== The input
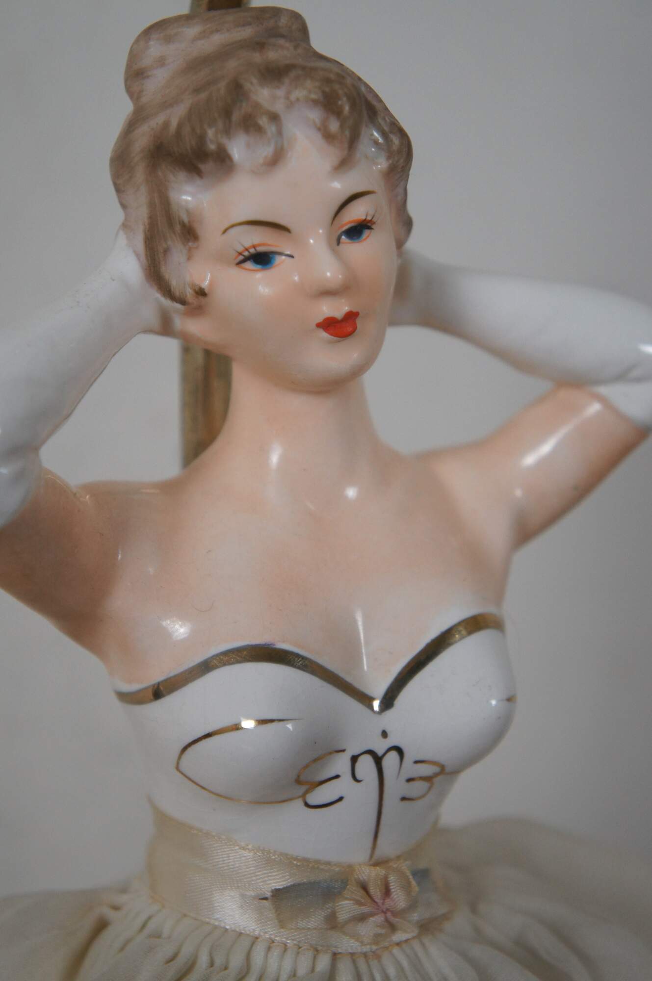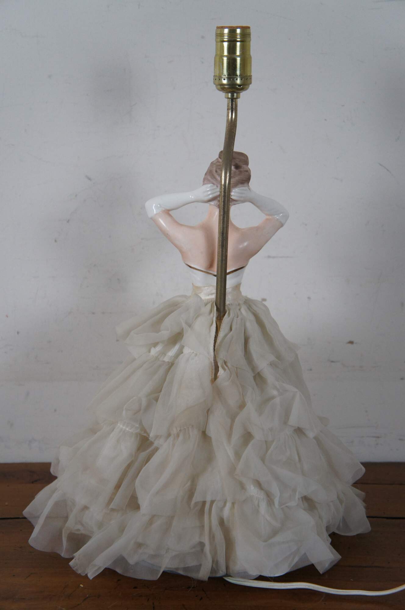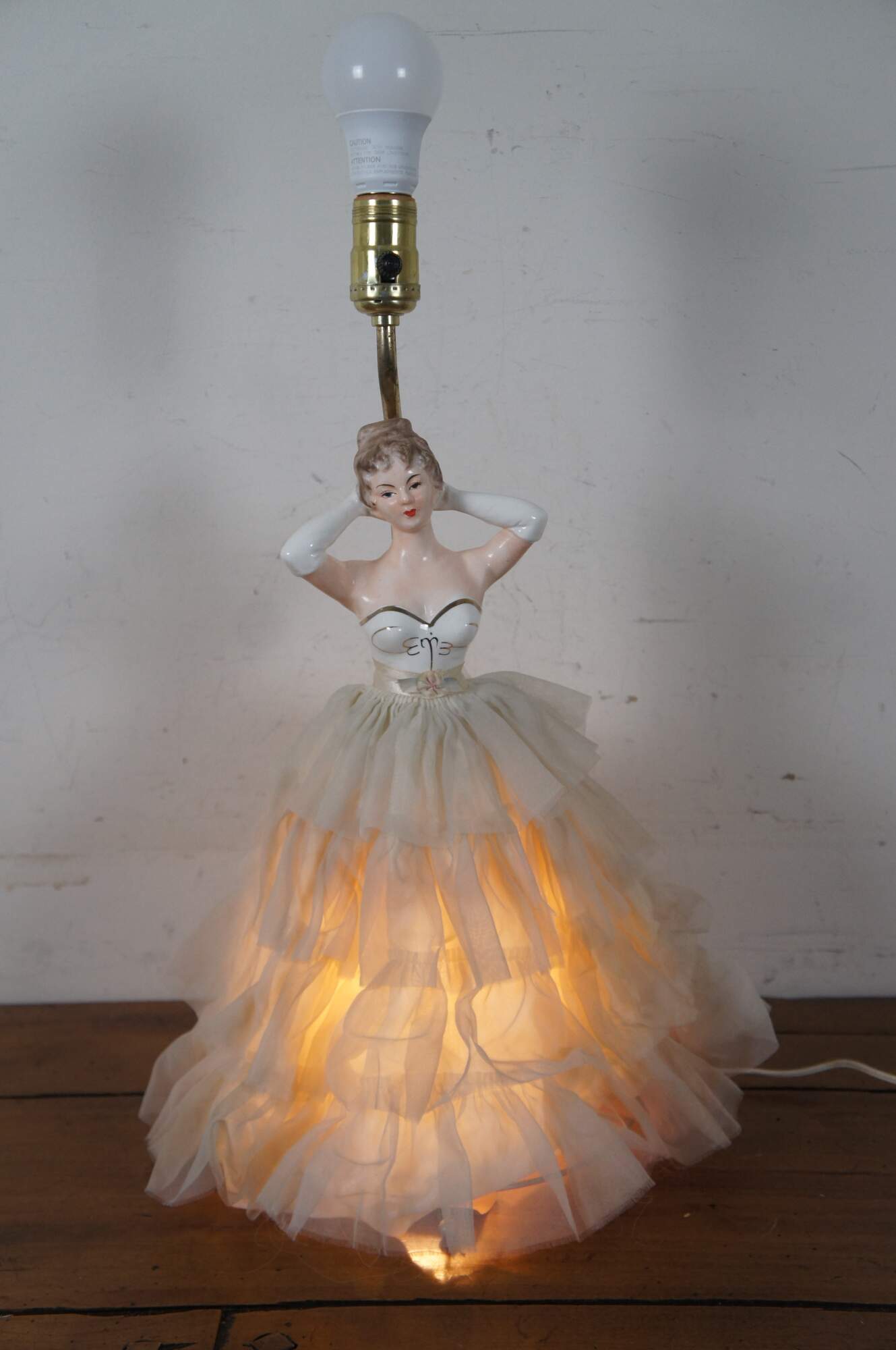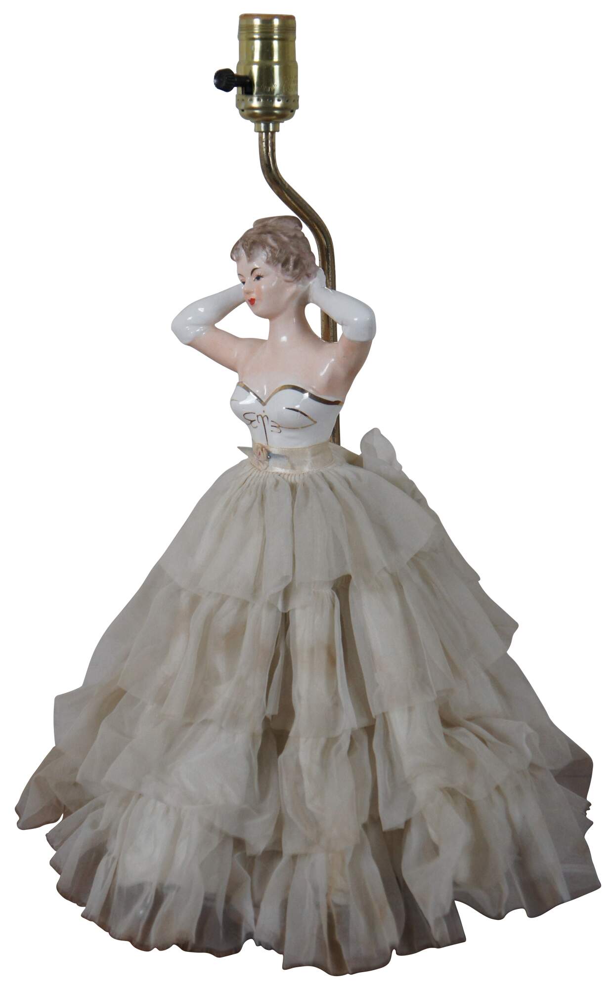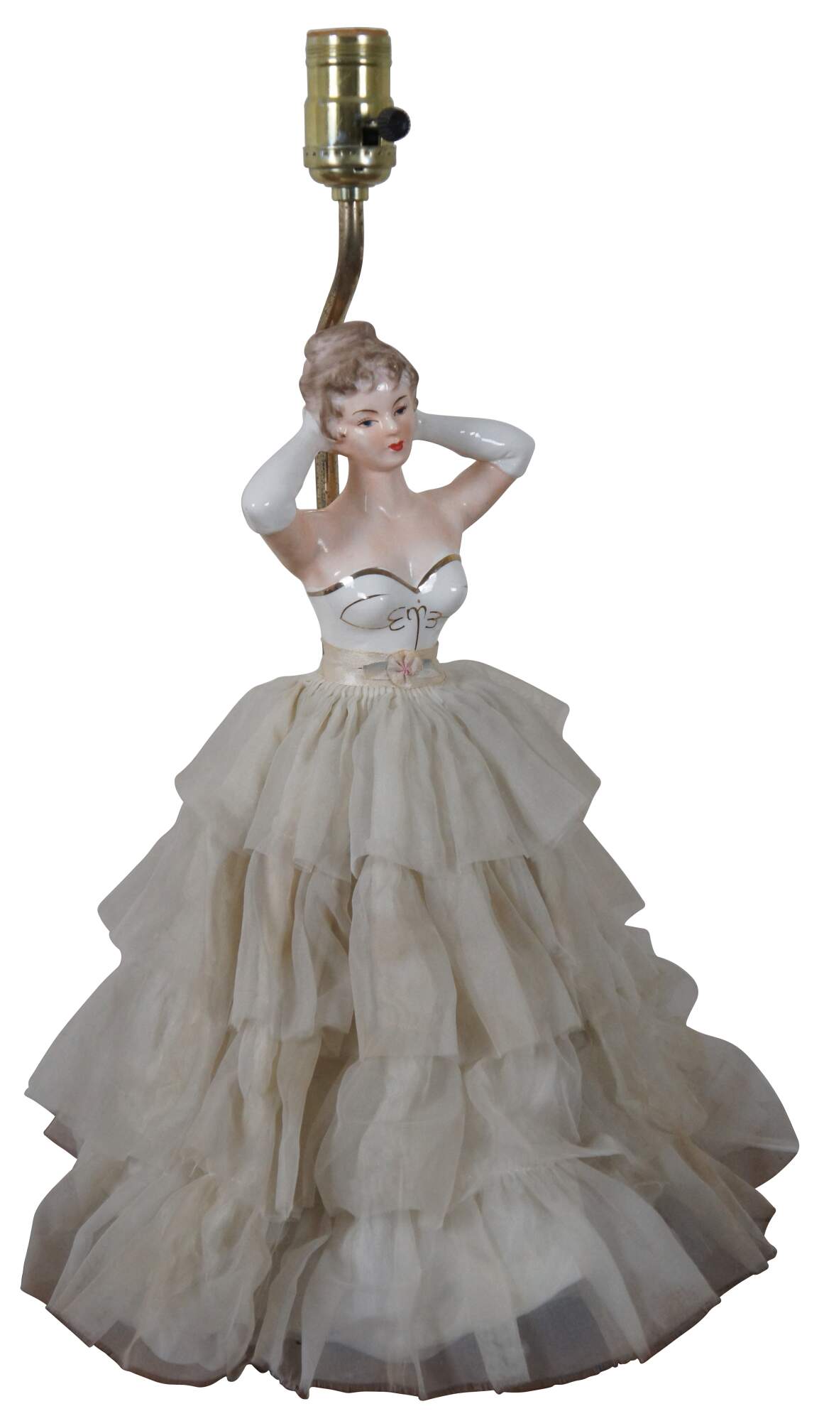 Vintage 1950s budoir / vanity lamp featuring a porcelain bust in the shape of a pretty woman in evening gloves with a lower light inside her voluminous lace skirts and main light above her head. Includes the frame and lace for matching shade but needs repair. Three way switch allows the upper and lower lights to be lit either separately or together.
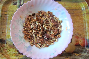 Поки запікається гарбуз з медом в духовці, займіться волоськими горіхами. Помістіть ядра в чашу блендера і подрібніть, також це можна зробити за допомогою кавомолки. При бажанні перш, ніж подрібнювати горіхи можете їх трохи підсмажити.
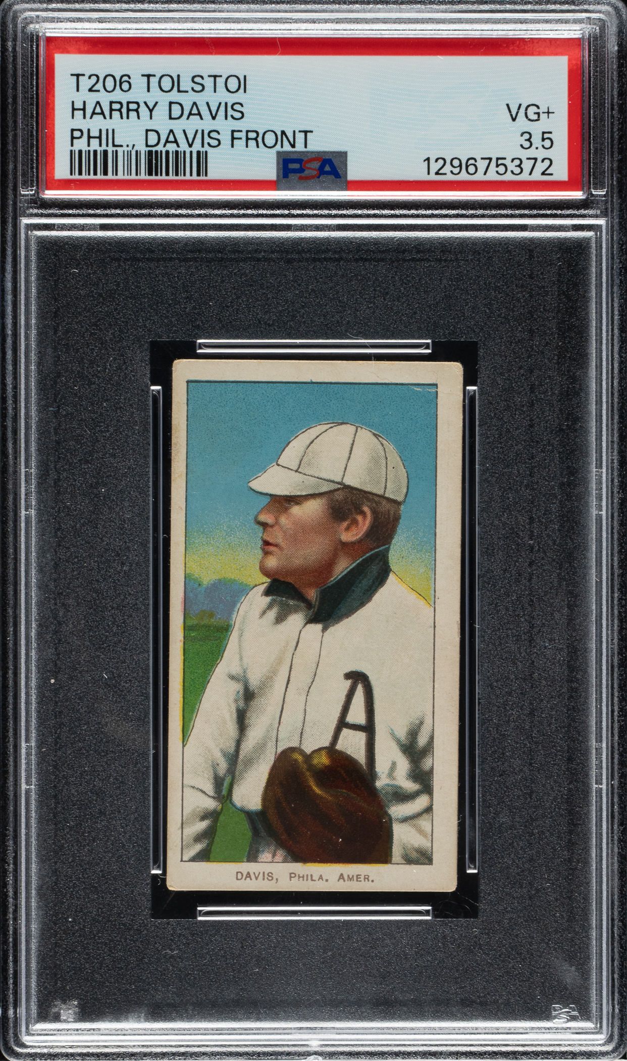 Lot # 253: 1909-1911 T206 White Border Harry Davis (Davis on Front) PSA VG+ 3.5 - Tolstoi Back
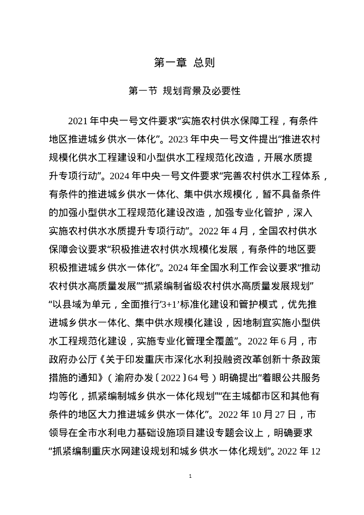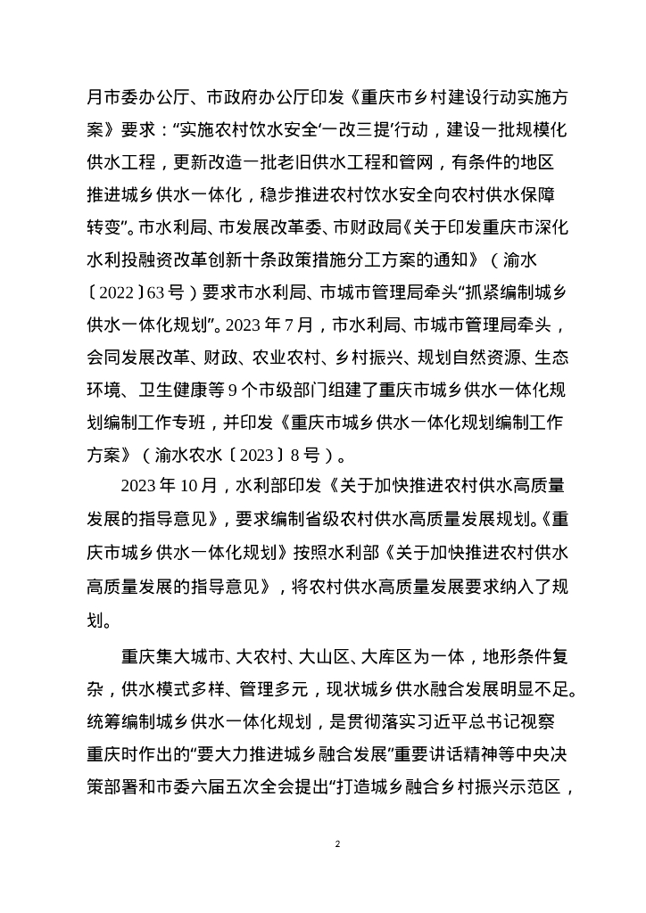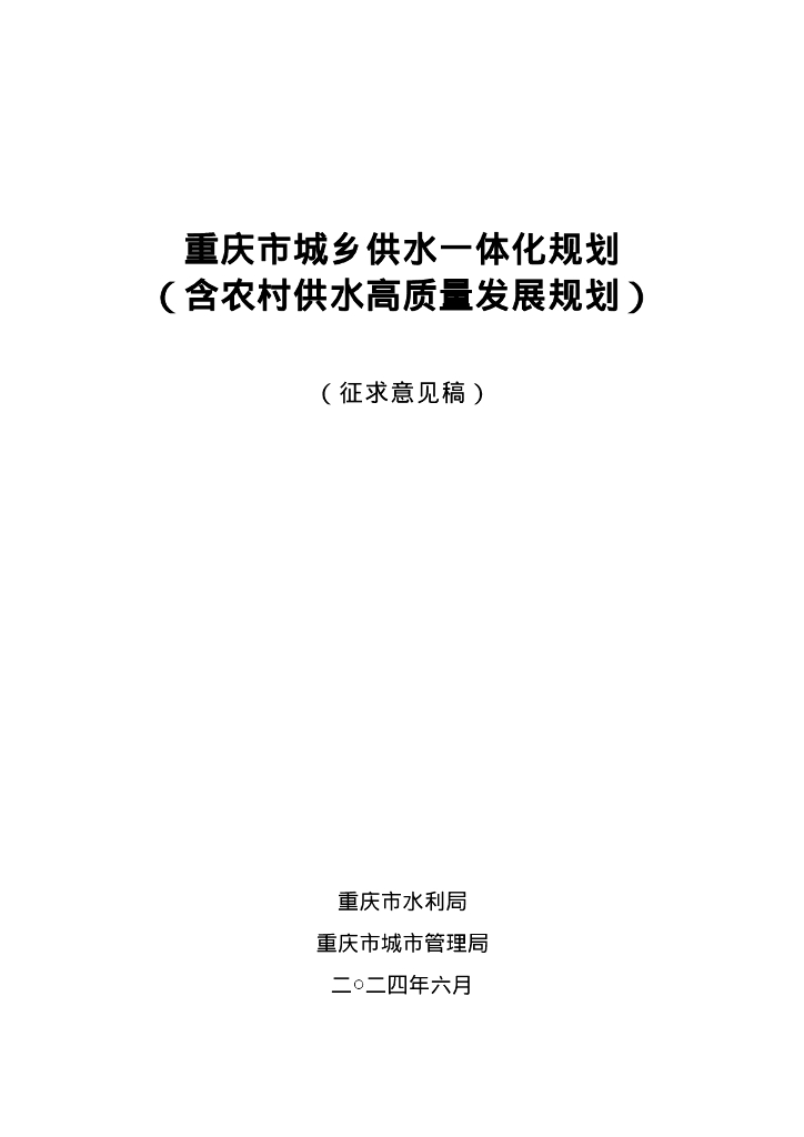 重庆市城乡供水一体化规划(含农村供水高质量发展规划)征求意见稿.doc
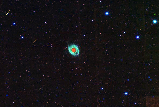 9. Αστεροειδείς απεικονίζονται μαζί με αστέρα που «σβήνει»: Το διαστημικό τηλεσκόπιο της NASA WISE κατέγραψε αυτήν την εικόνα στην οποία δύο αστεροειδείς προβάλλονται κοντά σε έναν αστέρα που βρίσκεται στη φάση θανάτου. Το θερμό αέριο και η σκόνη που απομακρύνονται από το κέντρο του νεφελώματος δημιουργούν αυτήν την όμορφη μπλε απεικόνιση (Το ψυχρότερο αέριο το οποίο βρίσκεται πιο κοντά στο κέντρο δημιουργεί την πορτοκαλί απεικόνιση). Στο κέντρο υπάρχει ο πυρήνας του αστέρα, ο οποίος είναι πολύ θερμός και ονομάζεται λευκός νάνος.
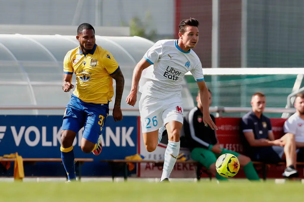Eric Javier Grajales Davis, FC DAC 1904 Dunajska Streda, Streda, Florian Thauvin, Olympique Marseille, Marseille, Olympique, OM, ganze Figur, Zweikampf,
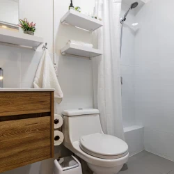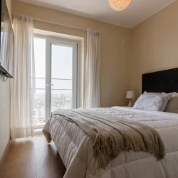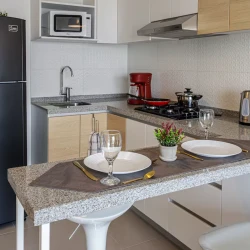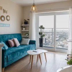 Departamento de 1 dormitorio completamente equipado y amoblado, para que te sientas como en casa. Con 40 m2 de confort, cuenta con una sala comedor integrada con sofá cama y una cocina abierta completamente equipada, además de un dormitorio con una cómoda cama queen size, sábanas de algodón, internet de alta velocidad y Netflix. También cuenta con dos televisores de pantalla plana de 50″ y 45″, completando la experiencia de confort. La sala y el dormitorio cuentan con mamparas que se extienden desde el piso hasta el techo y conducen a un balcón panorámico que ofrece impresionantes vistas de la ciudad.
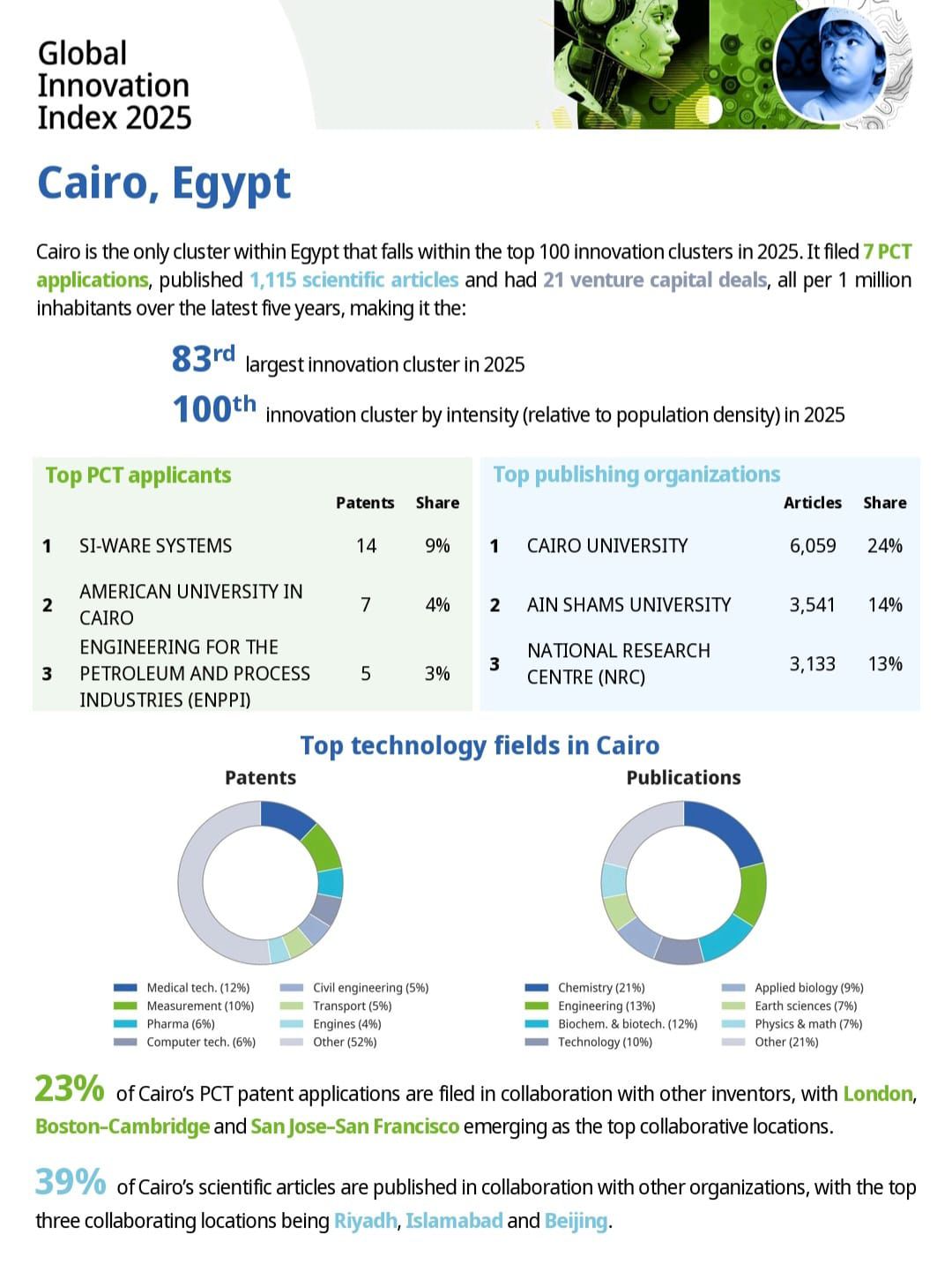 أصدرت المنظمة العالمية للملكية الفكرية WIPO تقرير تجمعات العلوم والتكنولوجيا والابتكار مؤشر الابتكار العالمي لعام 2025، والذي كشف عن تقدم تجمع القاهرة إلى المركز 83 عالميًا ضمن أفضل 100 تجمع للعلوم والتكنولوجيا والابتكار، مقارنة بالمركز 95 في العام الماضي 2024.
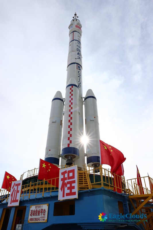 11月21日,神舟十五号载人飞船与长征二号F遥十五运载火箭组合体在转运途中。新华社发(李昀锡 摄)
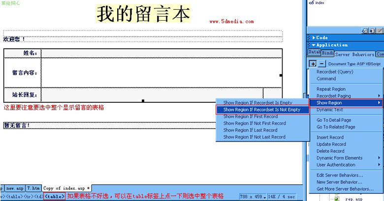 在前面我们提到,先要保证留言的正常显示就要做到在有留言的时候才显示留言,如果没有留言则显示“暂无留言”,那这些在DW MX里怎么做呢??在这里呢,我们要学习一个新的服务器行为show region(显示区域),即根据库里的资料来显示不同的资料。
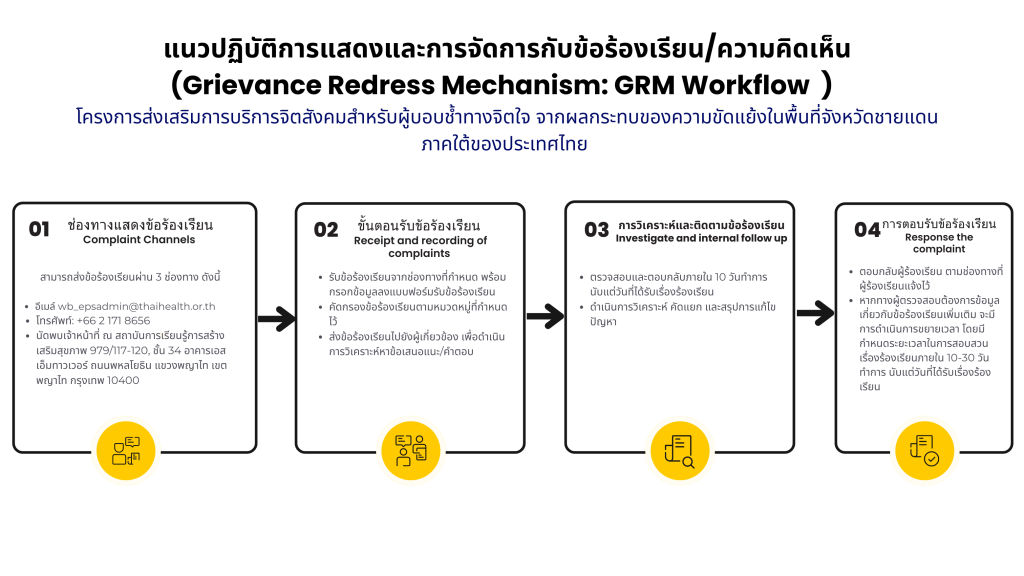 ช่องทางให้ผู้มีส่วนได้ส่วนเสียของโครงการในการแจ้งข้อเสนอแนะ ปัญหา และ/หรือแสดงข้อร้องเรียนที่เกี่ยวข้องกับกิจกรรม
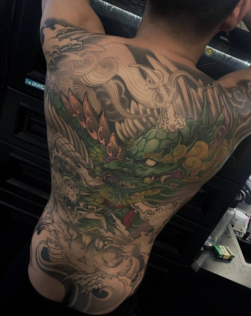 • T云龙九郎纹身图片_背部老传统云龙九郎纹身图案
====
Exercise objective – Would you restate, exactly and with no pictures, the lines of the entries above from the one containing "Поки запікається гарбуз" through the one containing "重庆市城乡供水一体化规划(含农村供水高质量发展规划)征求意见稿.doc"?

Task solution –
 Поки запікається гарбуз з медом в духовці, займіться волоськими горіхами. Помістіть ядра в чашу блендера і подрібніть, також це можна зробити за допомогою кавомолки. При бажанні перш, ніж подрібнювати горіхи можете їх трохи підсмажити.
 Lot # 253: 1909-1911 T206 White Border Harry Davis (Davis on Front) PSA VG+ 3.5 - Tolstoi Back
 重庆市城乡供水一体化规划(含农村供水高质量发展规划)征求意见稿.doc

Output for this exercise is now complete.